# [PROBLEM STATEMENT]
Please repeat only the lines below starting at the line that holds "Mint Green Sleeveless" and ending at the line that holds "Presenti sul palco", exactly, with both of those lines included and every picture omitted.

# [GIVEN RECORDS]
= = = = = = =

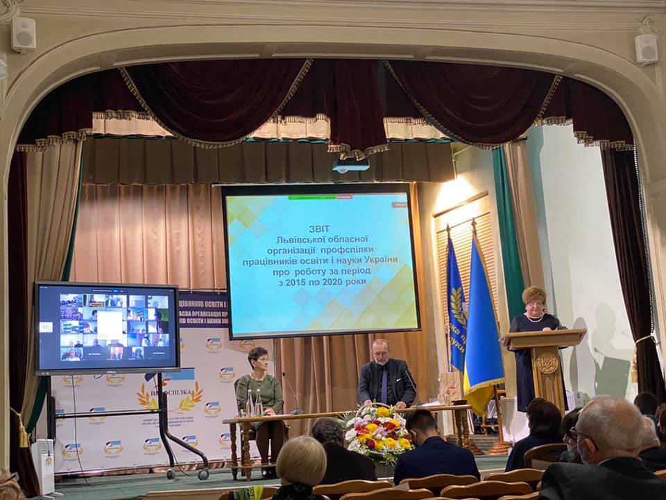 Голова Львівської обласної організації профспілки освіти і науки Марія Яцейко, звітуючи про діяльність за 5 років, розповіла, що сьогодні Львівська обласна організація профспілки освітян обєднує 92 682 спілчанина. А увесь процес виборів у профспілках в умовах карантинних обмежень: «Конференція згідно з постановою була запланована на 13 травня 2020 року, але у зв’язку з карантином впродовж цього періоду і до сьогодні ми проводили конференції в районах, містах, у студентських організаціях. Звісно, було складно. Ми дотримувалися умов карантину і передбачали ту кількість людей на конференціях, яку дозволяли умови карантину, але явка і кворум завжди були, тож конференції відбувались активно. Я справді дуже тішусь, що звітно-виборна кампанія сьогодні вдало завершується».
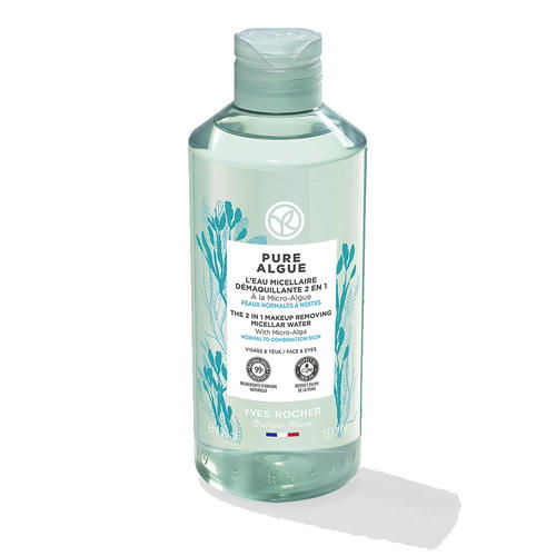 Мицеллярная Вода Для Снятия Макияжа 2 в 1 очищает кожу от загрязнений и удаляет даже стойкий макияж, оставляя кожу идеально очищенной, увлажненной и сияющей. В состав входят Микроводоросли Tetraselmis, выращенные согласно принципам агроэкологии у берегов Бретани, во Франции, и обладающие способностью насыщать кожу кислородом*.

= = = = = = =

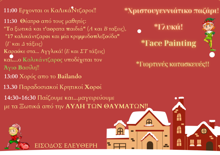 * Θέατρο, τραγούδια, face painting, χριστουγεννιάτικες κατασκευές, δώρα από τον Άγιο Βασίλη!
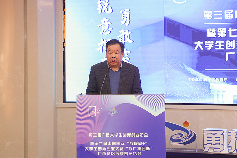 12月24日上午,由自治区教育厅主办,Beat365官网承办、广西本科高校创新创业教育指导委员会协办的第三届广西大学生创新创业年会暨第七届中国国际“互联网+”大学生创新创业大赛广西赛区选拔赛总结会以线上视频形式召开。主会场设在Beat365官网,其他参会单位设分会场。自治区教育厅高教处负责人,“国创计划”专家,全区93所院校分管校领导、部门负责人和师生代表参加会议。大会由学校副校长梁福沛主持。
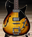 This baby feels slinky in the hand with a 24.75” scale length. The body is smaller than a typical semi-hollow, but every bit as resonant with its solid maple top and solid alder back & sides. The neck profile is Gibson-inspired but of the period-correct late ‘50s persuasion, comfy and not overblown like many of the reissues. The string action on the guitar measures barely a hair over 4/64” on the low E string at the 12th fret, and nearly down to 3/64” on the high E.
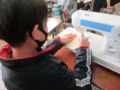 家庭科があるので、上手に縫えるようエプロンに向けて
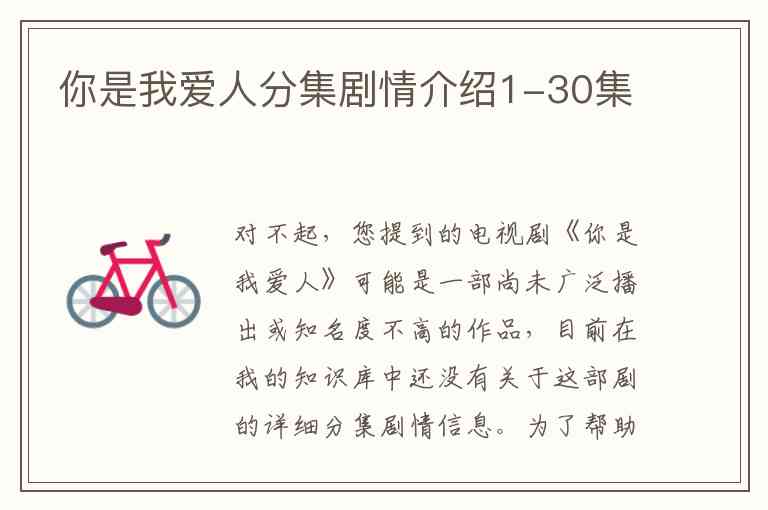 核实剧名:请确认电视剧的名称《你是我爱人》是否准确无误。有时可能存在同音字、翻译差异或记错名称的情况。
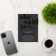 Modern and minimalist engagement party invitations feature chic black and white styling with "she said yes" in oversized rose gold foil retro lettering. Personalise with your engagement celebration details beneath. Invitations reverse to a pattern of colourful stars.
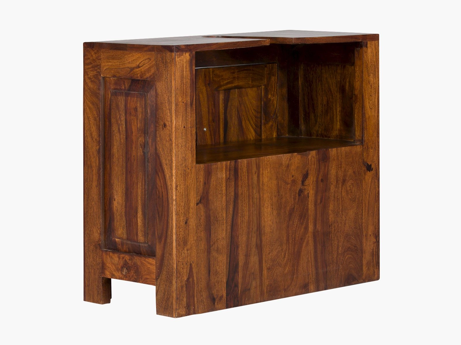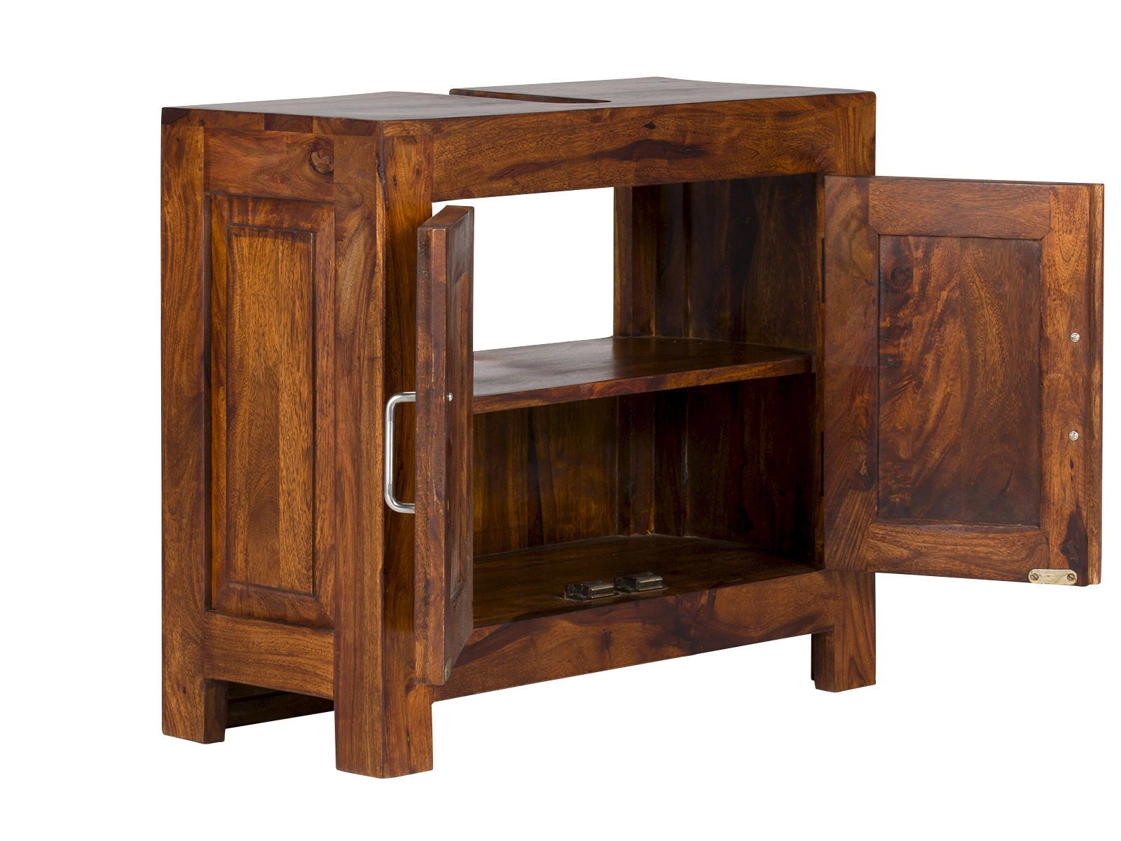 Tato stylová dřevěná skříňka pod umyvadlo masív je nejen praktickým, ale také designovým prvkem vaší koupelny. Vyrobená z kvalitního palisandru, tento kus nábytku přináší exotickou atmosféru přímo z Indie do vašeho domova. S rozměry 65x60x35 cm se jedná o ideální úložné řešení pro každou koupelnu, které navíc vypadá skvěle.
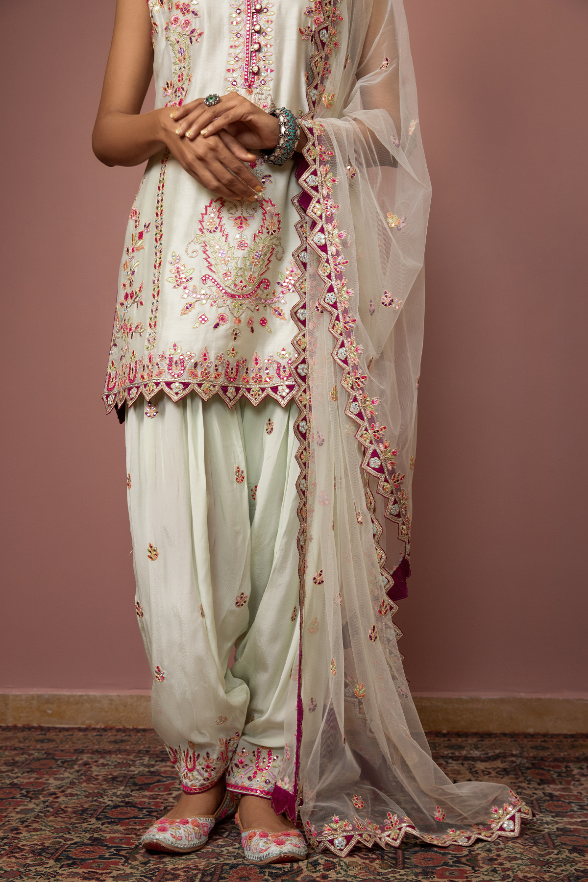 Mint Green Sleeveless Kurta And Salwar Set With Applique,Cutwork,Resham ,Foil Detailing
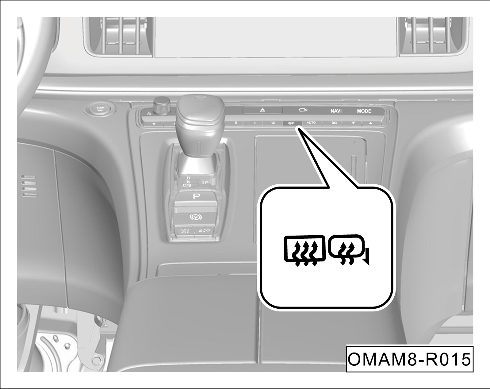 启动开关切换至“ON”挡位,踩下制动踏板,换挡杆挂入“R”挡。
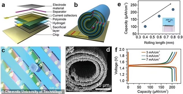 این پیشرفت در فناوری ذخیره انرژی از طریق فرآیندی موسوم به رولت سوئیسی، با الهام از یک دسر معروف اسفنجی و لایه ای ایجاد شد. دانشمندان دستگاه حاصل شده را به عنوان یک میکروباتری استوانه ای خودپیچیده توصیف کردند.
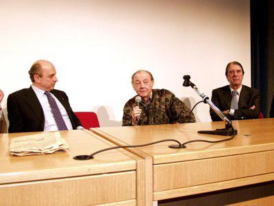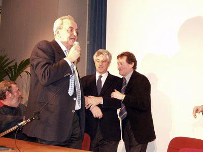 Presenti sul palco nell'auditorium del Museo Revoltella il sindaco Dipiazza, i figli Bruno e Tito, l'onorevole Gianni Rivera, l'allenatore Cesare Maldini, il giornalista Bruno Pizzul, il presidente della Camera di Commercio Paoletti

= = = = = = =

# [OUTPUT OF THE EXERCISE]
 Mint Green Sleeveless Kurta And Salwar Set With Applique,Cutwork,Resham ,Foil Detailing
 启动开关切换至“ON”挡位,踩下制动踏板,换挡杆挂入“R”挡。
 این پیشرفت در فناوری ذخیره انرژی از طریق فرآیندی موسوم به رولت سوئیسی، با الهام از یک دسر معروف اسفنجی و لایه ای ایجاد شد. دانشمندان دستگاه حاصل شده را به عنوان یک میکروباتری استوانه ای خودپیچیده توصیف کردند.
 Presenti sul palco nell'auditorium del Museo Revoltella il sindaco Dipiazza, i figli Bruno e Tito, l'onorevole Gianni Rivera, l'allenatore Cesare Maldini, il giornalista Bruno Pizzul, il presidente della Camera di Commercio Paoletti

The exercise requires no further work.